> [WHAT TO PRODUCE]
Reproduce precisely the lines of the listing below, starting with the line that contains "2026 New Strip" and stopping after the line that contains "Breathable Sports Rompers"; include nothing else.

═════ INPUT ═════

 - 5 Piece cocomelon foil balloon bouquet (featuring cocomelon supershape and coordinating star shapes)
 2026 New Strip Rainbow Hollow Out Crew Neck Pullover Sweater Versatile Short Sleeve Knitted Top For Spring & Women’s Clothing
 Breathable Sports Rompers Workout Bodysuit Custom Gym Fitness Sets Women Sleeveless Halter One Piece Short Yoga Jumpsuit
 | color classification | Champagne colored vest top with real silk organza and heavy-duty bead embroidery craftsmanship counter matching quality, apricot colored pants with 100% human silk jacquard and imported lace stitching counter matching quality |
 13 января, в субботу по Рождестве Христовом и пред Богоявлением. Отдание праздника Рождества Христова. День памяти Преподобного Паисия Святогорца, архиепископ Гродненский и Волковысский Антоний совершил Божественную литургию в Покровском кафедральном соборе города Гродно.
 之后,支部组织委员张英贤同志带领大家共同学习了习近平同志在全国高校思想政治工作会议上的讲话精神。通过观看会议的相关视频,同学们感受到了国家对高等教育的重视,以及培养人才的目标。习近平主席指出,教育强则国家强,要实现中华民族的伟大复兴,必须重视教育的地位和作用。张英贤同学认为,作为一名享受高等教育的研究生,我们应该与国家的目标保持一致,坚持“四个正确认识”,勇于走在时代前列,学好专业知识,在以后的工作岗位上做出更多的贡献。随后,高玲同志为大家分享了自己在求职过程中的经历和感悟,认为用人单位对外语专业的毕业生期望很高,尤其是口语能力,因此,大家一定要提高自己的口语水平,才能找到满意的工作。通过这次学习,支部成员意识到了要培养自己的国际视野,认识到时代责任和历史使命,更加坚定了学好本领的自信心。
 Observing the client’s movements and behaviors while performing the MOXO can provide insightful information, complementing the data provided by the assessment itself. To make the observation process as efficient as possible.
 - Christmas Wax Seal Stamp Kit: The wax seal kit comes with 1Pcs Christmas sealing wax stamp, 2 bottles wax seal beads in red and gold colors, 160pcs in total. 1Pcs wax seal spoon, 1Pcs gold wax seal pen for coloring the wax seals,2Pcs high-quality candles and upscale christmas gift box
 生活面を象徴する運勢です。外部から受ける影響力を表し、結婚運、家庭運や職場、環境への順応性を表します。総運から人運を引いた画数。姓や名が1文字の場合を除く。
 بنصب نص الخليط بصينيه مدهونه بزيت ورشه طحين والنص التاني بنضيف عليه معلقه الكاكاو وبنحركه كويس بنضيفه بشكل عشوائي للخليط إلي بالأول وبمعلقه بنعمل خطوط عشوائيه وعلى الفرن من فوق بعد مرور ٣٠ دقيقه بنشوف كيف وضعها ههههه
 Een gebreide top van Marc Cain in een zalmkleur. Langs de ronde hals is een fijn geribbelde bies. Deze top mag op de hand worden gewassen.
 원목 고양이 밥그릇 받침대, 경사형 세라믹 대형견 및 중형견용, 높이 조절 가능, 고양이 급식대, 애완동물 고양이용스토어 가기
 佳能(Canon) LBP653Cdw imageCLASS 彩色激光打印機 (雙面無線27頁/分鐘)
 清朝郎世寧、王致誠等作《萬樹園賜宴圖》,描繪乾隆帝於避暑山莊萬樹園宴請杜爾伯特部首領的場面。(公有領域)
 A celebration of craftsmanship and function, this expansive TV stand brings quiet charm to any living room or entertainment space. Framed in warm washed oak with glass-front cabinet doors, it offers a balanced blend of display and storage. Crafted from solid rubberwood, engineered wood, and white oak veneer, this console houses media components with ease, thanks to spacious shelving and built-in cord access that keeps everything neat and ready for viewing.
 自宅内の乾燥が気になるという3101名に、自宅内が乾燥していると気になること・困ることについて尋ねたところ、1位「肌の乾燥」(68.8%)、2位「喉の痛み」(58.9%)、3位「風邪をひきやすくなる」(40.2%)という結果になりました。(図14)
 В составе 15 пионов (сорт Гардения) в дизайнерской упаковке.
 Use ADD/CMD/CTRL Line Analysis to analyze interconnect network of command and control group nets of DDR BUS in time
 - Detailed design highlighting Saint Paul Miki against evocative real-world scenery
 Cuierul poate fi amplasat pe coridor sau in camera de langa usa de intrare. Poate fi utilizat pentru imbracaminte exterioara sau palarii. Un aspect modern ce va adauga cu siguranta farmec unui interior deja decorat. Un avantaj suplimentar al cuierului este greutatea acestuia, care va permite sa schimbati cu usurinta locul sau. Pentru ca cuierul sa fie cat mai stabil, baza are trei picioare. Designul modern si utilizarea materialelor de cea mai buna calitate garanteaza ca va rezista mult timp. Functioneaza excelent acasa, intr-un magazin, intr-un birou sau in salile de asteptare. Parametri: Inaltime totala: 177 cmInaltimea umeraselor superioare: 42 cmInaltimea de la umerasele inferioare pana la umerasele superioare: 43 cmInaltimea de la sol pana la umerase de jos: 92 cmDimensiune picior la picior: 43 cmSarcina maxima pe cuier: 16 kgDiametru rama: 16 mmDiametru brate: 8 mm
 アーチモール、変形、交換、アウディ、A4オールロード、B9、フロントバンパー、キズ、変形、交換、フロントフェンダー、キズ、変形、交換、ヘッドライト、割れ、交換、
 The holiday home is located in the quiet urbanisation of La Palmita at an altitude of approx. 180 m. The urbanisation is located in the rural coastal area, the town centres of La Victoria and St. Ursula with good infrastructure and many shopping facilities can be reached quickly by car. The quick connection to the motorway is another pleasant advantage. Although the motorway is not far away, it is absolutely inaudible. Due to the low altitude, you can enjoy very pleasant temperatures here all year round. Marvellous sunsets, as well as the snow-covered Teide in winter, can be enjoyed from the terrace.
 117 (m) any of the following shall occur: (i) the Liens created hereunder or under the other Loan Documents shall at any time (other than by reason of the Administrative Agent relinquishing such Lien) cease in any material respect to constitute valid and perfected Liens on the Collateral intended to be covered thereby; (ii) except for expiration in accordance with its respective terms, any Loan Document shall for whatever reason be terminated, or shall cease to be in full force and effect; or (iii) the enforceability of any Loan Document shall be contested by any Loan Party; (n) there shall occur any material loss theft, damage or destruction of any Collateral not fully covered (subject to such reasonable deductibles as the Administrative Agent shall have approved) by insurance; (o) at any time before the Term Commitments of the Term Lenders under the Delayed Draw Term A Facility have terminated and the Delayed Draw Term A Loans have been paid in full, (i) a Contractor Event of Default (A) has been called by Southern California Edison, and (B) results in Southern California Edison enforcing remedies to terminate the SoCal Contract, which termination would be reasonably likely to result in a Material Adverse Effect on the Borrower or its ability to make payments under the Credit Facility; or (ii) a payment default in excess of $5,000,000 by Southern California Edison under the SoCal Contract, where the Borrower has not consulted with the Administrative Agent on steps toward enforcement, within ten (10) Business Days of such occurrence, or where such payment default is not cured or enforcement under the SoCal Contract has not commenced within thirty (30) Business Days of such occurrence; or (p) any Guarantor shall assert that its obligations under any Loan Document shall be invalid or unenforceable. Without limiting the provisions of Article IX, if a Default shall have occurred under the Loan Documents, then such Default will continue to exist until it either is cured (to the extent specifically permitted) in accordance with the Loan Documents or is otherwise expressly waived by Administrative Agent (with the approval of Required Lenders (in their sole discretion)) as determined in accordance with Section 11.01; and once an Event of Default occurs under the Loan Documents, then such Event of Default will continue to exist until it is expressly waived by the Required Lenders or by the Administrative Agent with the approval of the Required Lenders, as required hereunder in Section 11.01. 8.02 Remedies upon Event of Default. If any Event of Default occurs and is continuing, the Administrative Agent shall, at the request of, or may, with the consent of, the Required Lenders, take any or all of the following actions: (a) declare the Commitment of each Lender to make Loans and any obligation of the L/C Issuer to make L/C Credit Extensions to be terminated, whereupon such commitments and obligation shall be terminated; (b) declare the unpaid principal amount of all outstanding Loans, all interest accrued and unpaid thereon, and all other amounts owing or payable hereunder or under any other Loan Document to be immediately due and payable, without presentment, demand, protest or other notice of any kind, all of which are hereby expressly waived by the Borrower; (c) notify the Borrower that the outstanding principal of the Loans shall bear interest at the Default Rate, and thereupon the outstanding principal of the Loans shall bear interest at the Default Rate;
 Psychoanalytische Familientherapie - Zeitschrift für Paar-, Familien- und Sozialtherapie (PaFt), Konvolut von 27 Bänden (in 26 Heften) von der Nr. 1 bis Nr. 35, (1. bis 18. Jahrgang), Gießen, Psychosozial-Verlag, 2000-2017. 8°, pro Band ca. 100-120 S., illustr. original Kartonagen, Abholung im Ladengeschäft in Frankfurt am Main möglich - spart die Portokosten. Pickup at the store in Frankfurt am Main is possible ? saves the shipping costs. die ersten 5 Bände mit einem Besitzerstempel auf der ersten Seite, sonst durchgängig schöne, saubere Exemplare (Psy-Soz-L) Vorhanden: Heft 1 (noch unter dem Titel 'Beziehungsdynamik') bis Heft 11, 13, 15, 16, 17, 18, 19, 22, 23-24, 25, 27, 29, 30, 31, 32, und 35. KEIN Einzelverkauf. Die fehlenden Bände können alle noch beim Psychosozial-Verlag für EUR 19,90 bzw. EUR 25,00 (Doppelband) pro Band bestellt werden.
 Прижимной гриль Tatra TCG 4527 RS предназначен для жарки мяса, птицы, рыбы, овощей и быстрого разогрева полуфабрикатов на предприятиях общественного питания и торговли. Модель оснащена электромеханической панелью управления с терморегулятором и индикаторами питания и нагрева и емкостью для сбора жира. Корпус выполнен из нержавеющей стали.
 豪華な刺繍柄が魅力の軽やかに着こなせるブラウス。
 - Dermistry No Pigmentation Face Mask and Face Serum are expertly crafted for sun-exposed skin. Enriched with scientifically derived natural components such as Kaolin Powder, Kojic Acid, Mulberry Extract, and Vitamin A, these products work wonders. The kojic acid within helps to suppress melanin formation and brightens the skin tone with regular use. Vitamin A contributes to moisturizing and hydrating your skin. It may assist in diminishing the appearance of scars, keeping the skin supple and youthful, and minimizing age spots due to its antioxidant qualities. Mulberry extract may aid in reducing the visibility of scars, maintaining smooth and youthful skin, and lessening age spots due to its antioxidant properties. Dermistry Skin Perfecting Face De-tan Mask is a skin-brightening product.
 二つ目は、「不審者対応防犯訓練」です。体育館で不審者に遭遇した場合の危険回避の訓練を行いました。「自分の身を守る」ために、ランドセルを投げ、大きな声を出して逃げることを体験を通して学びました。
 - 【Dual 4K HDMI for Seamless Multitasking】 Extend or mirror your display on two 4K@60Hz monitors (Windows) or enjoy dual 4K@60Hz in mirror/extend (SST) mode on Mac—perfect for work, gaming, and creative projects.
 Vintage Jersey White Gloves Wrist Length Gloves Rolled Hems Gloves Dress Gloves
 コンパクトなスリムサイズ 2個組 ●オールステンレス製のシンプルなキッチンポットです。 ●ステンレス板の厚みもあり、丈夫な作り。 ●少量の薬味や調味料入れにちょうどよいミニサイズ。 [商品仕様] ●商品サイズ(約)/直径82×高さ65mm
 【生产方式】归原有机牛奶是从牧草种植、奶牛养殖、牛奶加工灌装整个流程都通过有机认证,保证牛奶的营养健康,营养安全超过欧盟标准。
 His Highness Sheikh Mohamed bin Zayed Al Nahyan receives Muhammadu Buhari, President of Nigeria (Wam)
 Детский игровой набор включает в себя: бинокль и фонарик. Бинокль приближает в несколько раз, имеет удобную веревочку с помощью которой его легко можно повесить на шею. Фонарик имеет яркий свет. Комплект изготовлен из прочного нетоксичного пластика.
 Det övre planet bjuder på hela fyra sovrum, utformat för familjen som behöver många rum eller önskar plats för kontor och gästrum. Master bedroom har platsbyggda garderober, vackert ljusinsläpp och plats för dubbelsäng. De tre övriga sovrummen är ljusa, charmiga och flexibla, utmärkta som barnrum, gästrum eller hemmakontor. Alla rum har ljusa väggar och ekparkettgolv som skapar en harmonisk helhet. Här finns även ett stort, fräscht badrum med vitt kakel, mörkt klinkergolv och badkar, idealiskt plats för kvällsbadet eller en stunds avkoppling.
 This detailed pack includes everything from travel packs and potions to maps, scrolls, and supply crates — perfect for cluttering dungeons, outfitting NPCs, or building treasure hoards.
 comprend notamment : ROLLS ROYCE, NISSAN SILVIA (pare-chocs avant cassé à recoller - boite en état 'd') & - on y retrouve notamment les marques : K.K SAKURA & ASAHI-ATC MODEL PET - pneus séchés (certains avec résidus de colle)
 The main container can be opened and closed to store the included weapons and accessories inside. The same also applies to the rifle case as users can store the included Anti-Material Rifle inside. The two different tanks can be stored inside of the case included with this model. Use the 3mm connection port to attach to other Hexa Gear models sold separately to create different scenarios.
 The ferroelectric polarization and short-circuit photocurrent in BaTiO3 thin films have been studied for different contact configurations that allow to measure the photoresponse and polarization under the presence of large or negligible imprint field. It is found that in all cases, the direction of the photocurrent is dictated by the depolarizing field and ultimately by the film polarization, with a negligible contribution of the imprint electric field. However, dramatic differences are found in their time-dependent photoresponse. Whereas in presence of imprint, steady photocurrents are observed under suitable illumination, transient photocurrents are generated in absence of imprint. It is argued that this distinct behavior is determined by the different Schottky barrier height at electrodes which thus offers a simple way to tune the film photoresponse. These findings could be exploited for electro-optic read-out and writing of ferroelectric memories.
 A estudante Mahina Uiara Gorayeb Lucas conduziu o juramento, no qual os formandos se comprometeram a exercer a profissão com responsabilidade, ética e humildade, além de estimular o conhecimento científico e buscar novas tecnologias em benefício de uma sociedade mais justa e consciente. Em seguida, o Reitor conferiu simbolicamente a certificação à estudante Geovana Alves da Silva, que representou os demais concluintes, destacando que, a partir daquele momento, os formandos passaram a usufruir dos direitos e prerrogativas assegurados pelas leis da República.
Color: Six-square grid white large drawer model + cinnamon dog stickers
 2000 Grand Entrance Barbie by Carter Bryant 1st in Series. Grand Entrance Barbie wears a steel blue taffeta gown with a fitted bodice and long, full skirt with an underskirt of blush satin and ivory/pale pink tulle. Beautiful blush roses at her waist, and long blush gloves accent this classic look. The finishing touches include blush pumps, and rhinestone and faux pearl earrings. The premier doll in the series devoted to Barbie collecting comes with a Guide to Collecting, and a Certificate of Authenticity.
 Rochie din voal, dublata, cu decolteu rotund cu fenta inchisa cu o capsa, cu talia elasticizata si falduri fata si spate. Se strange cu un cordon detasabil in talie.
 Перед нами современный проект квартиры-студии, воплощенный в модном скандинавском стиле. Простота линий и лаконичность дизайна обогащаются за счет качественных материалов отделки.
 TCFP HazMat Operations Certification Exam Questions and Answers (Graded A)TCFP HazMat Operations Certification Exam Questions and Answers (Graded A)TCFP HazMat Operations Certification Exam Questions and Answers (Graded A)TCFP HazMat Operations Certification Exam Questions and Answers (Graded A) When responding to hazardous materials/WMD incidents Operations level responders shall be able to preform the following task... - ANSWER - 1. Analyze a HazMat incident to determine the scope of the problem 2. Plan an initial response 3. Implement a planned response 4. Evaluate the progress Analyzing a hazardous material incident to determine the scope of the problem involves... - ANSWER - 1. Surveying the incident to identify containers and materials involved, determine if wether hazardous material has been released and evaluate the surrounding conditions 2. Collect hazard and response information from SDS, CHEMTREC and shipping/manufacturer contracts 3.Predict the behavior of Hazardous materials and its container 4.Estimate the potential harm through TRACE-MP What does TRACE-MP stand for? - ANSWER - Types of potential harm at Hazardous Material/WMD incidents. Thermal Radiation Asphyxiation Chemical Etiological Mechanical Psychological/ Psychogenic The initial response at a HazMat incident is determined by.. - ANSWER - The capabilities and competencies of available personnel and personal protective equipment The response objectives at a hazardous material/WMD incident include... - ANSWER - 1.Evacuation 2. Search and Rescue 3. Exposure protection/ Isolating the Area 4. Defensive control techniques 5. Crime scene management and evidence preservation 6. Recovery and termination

═════

> [REPLY TO THE TASK]
 2026 New Strip Rainbow Hollow Out Crew Neck Pullover Sweater Versatile Short Sleeve Knitted Top For Spring & Women’s Clothing
 Breathable Sports Rompers Workout Bodysuit Custom Gym Fitness Sets Women Sleeveless Halter One Piece Short Yoga Jumpsuit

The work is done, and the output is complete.